ABOUT THIS TASK
Reproduce the material below only from the line with "Document in folder" to the line with "Mom and grandma", both included, keeping each line exact and dropping the pictures.

DATA TO USE
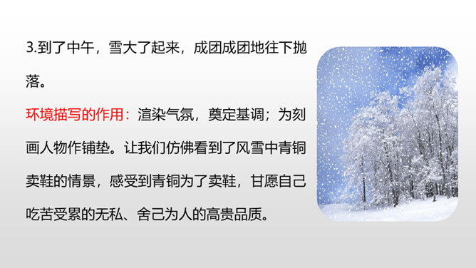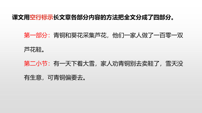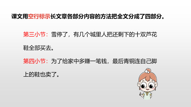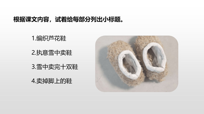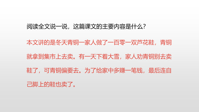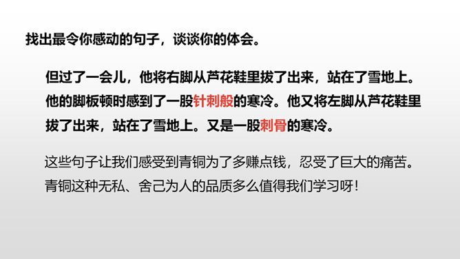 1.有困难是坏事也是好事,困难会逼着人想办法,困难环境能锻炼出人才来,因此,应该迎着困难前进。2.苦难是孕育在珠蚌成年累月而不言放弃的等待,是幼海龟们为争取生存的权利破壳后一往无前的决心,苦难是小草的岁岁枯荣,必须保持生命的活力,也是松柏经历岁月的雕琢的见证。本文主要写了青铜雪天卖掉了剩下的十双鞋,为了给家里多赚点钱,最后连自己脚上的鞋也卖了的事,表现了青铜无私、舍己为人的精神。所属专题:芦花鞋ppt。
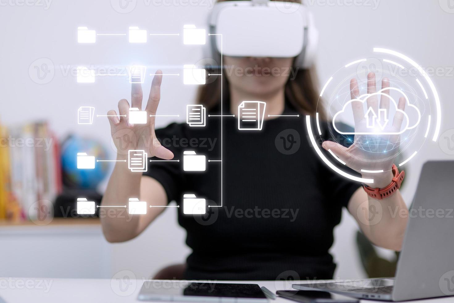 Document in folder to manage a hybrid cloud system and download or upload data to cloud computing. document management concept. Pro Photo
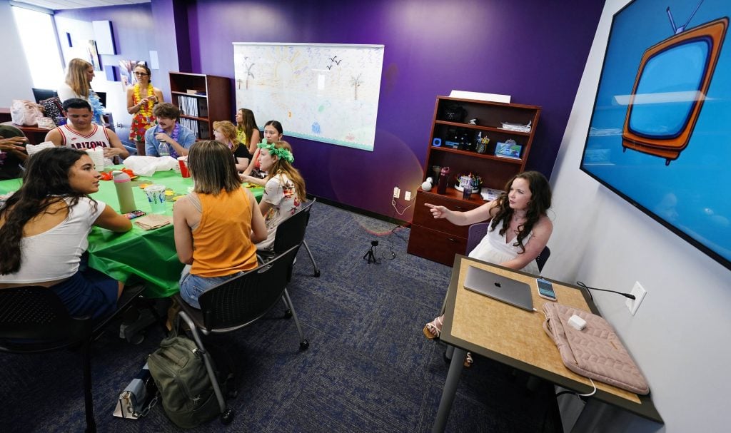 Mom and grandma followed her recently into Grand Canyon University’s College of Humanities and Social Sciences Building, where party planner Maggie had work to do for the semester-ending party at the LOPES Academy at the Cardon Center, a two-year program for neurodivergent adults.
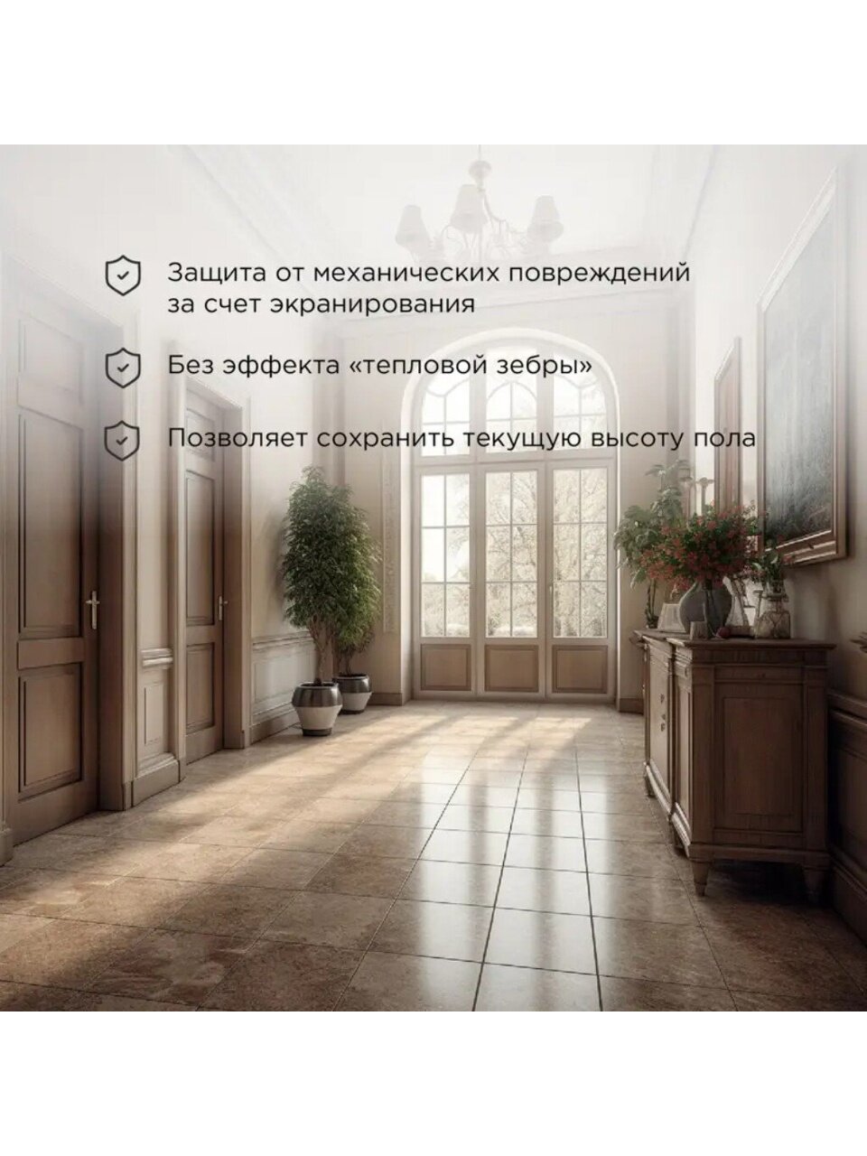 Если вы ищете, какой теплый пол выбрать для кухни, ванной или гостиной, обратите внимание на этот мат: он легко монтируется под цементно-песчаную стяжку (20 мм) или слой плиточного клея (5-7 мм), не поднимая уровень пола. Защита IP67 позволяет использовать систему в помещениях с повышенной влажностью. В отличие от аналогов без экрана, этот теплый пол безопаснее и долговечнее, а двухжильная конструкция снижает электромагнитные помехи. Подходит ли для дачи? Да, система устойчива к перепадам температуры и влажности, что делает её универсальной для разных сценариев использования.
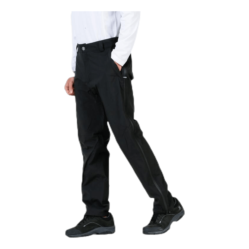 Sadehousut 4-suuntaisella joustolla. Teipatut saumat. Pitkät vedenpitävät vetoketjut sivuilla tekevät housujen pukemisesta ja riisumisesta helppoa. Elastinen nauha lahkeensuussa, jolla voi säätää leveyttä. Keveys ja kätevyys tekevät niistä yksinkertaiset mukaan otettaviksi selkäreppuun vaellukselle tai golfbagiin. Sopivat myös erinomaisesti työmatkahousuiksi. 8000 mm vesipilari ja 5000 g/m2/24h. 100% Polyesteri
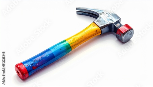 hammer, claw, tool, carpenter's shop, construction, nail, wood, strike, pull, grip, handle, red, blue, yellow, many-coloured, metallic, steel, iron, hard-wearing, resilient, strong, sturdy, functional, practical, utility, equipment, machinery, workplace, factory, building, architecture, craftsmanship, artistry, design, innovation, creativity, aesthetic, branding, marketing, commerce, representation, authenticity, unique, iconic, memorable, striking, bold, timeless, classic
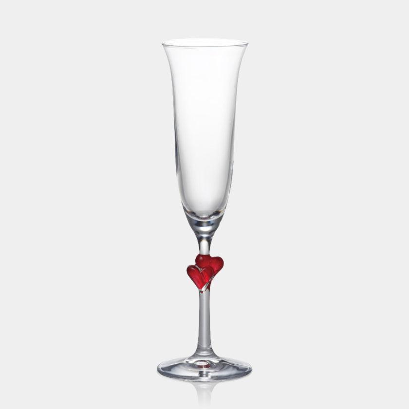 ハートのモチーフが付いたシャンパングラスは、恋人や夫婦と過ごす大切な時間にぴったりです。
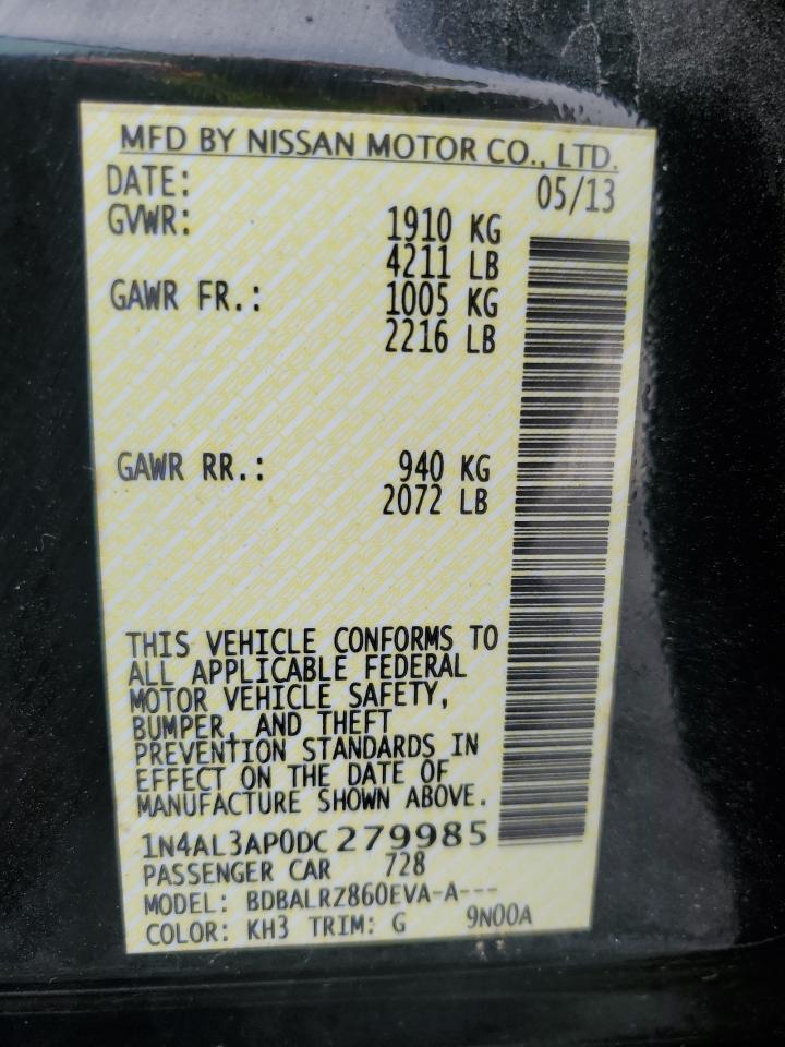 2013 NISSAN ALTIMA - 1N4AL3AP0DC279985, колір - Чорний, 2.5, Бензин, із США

THE ANSWER
 Document in folder to manage a hybrid cloud system and download or upload data to cloud computing. document management concept. Pro Photo
 Mom and grandma followed her recently into Grand Canyon University’s College of Humanities and Social Sciences Building, where party planner Maggie had work to do for the semester-ending party at the LOPES Academy at the Cardon Center, a two-year program for neurodivergent adults.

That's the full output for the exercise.